Saturday, March 8, 2025

Is 58:1-9; Mt 9:14-15
Today’s Gospel highlights the call of Matthew by Jesus as an antidote to the exclusionary practices replete in his time.
The final verse of the Gospel is very popular because of its revolutionary tone. Jesus declares that ‘Those who are healthy do not need a physician, but the sick do. I came not to call the righteous, but sinners.’ In what comes across to us often as a spiritual revolution, we discover the fullness of God’s love made manifest in the liberative praxis of Jesus.
Jesus showed no hesitation to respond to the social maladies that beset his context. He let his proactive approach become the change he wanted to see in the society.
If so, how did Jesus show himself as ‘the physician of the sick’ in his time?
There are three ways in which we find Jesus responding to social illnesses.
1.Jesus included the marginalized as an integral part of his mission. The call of Levi becomes an extraordinary example of Jesus’ inclusive agenda. When people were under the impression that Jesus’ mission was exclusively to the Israelites, he turned his attention toward the marginalized sections, much to the chagrin of the Jewish religious leaders of his time. Thus, he not only proclaimed that sick people needed a physician but also became one. Thus, Jesus’ inclusive mission was a decisive countercultural measure that his Kingdom proclamation integrated.
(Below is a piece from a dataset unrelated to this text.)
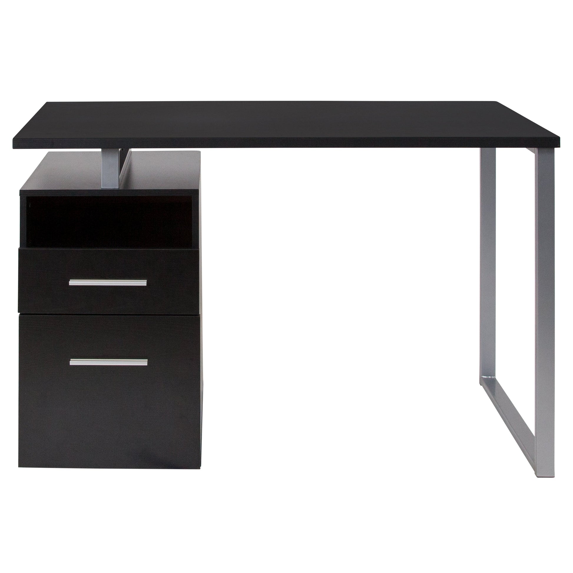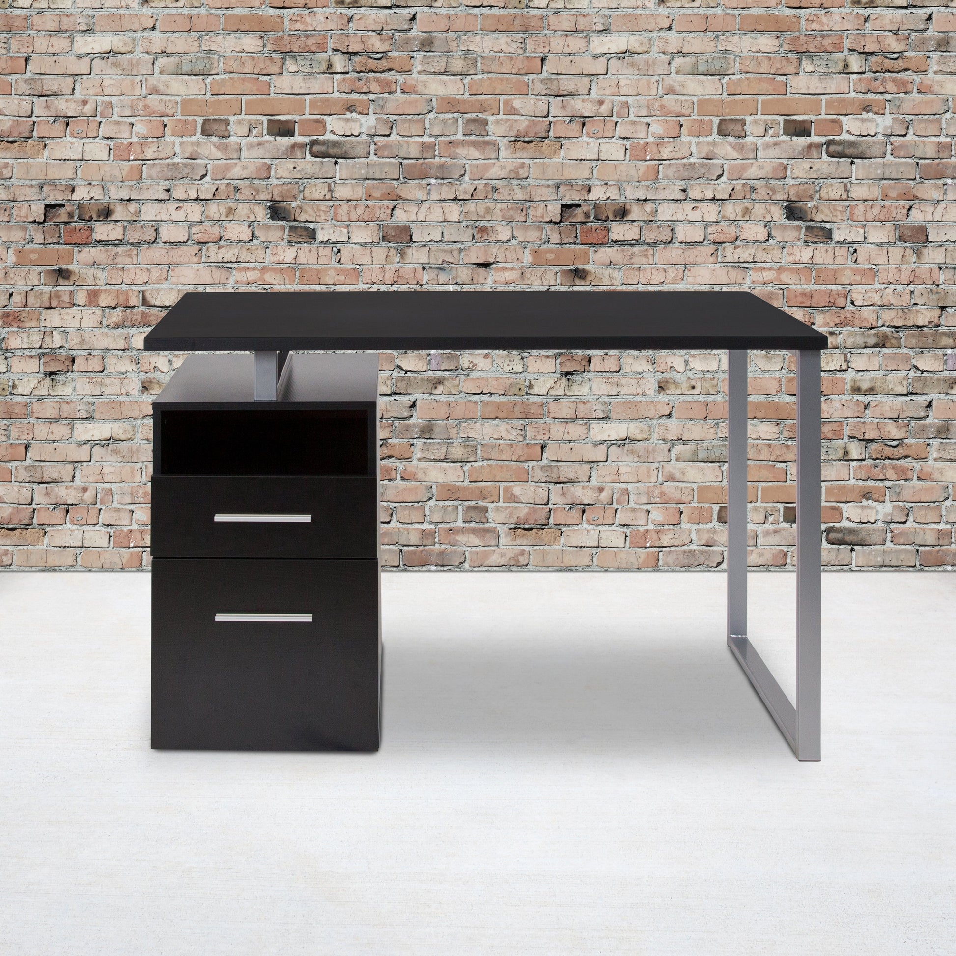 Harwood Dark Ash Wood Grain Finish Computer Desk with Two Drawers and Silver Metal Frame Dimensions: 47"W x 23.5"D x 30.5"H

2. Jesus dined with the tax collectors and sinners. Those of us who tend to slight his commensality should take a look at our Indian society which still forbids interdining while maintaining a food hierarchy. No one can deny that Indian hospitality comes tinged with caste. If caste people refuse to interdine with lower castes, there are also untouchable foods for the high castes just as there are people who are known as former untouchables. Given this reality, the commensality that Jesus championed in his time was not mere daredevilry but a radical form of love.
3. Jesus defended the marginalized against the hostile forces. The Jewish religious leaders were shocked by Jesus’ inclusive mission that decimated the established cultural boundaries. All four Gospels show how Jesus is found fault with by the Pharisees, Sadducees, and Scribes for his liberative mission. It is often in favour of the marginalized that Jesus challenged their notion of holiness and exposed their hypocrisy. It is through his defence that Jesus the ‘physician’ justified his initiatives on behalf of the ‘sick.’ What Jesus spearheaded became the norm for his disciples to carry forward the agenda of inclusive mission and preferential option.
Let us pray that, by following Jesus’ example, our mission may become the antidote to the ills of our society.